An impairment in feed efficiency is also obtained from the direct effect of the drop in cow’s annual milk production, and it is additive to that obtained due to the direct effect of heat stress on feed efficiency, presented so far. Feed requirements for maintenance is constant and the same amount required to maintain cows that produce 10 or 40 kg of milk per day. Hence, maintenance expenses per unit of milk produced will be lower in high-yielding cows, since they “split” over more kg of milk per day. In a survey conducted in Israel with 40 dairy farms and over a period of 20 years, the amount of Dry Matter per liter of milk produced annually was recorded for farms whose cows annual production ranged from 9,000 to 14,000 kg of milk per cow. In this survey, it was found that 0.78 kg of dry matter is required to produce 1 kg of milk at an annual yield level of 10,000 KG, while at a yield of 12,000 Kg, only 0.70 kg of food is needed (10% less).
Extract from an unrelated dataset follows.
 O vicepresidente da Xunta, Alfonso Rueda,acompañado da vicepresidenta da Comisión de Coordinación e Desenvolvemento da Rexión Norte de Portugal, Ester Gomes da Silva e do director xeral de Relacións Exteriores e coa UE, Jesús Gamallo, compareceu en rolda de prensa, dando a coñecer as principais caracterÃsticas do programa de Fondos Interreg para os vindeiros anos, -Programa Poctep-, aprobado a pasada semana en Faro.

Based on a well cited article, published almost 20 years ago by St. Pierre from Ohio University, a drop of 2,000 kg of milk per cow annually, can be expected in dairy farms in the south US, due to the summer heat and the lack of effective use of heat mitigation means. Today we know, based on our experience in Israel, that proper implementation of cooling means may prevent most of this decrease. An addition of 2,000 kg to cow’s annual production in these climates means a drop of 10 – 15% in annual feed expenses for milk production, when, as mentioned, this amount is in addition to the economic improvement described before.
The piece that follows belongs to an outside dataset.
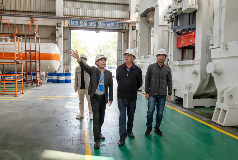 彭藝年秘書長一行先后參觀了科達數(shù)字化展廳、科達液壓車間數(shù)字化生產(chǎn)線以及成型機械生產(chǎn)裝配車間,呂總介紹了科達的產(chǎn)品多元化布局、市場開拓及數(shù)字化轉(zhuǎn)型升級等情況。彭秘書長對科達的制造實力和前瞻性布局表示肯定,他指出,新興縣作為不銹鋼餐具生產(chǎn)基地,擁有上下游配套生產(chǎn)企業(yè)110多家,年產(chǎn)值近100億元,期待科達能與當(dāng)?shù)仄髽I(yè)開展深入合作,推動不銹鋼餐具生產(chǎn)企業(yè)向智造升級。
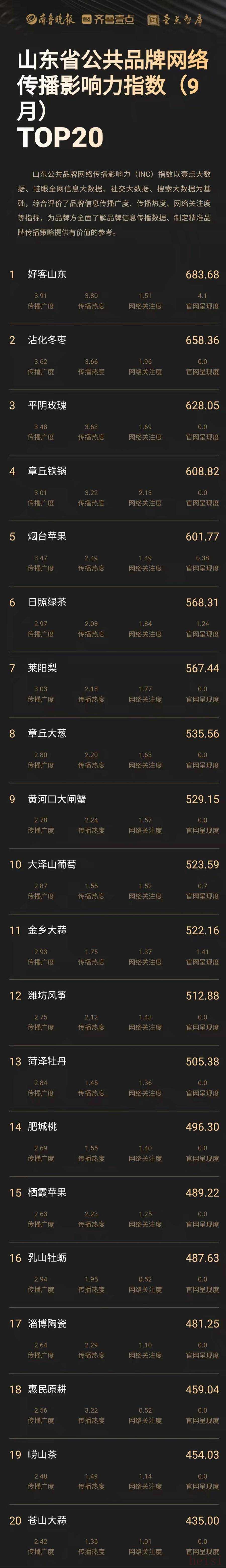 INC指數(shù)自去年推出后,提供了有關(guān)品牌的信息傳播數(shù)據(jù)、分析工具和評價系統(tǒng),助力品牌策劃與傳播,受到了地方政府、行業(yè)及企業(yè)的廣泛關(guān)注。相關(guān)數(shù)據(jù)在齊魯壹點智庫頻道進行展示。品牌方如果有這方面業(yè)務(wù)需求,可通過郵箱ydzk2020@163.com與壹點智庫聯(lián)絡(luò)。

In order to illustrate to the reader the economic meaning of the drop in feed efficiency and the benefit arising from cooling the cows, I made a calculation, based on the results from the studies above presented. I describe a scenario where per cow daily feeding cost is of 8 USD, a dairy farm located in a region with 150 stressful summer days (Israel, south US and south Europe), and where annual feed efficiency drops in approximately 15%. In this case, properly cooling the cows have the potential to increase per cow annual profit by close to 400 USD, more than 3 times the required investment to cool the cows in the summer. I assume that we can expect half to one third of this benefit in dairy farms located in North America and North Europe.
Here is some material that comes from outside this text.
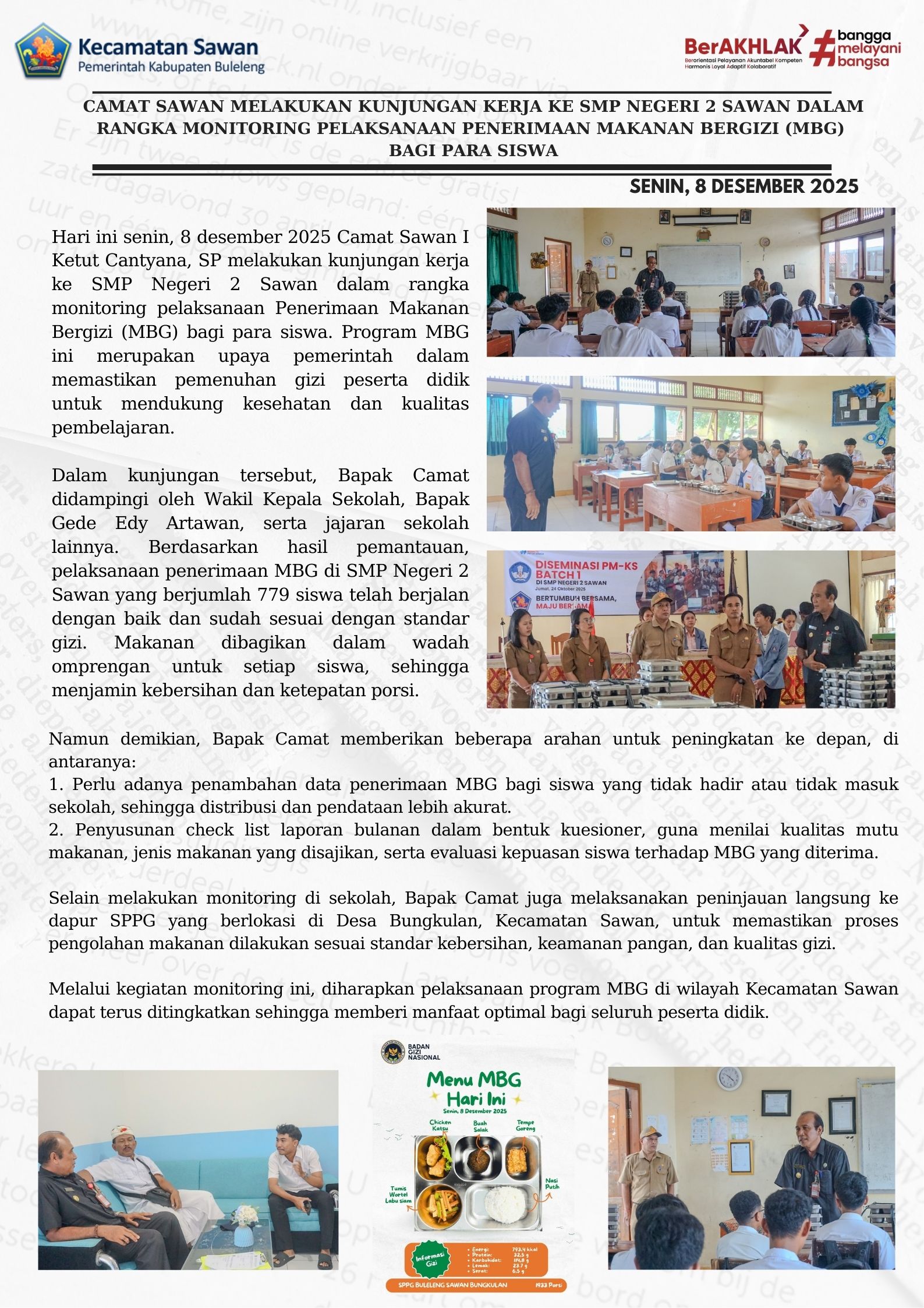 Hari ini senin, 8 desember 2025 Camat Sawan I Ketut Cantyana, SP melakukan kunjungan kerja ke SMP Negeri 2 Sawan dalam rangka monitoring pelaksanaan Penerimaan Makanan Bergizi (MBG) bagi para siswa. Program MBG ini merupakan upaya pemerintah dalam memastikan pemenuhan gizi peserta didik untuk mendukung kesehatan dan kualitas pembelajaran.

In conclusion, the drop in feed efficiency under heat stress conditions have a significant impact on the economy of the dairy farm, especially for those farms located in warm climates, but also for those located in temperate regions. Presenting these numbers, as well as the expected benefit from intensively and properly cooling the cows, will encourage farmers all over the world to invest in the implementation and proper operation of heat mitigation means. This will be, first and above all, for farmer’s own benefit, but also for the environment, as milk can be produced with less cows, less food for maintenance and production, and in the same time also, less GHG emission to the atmosphere.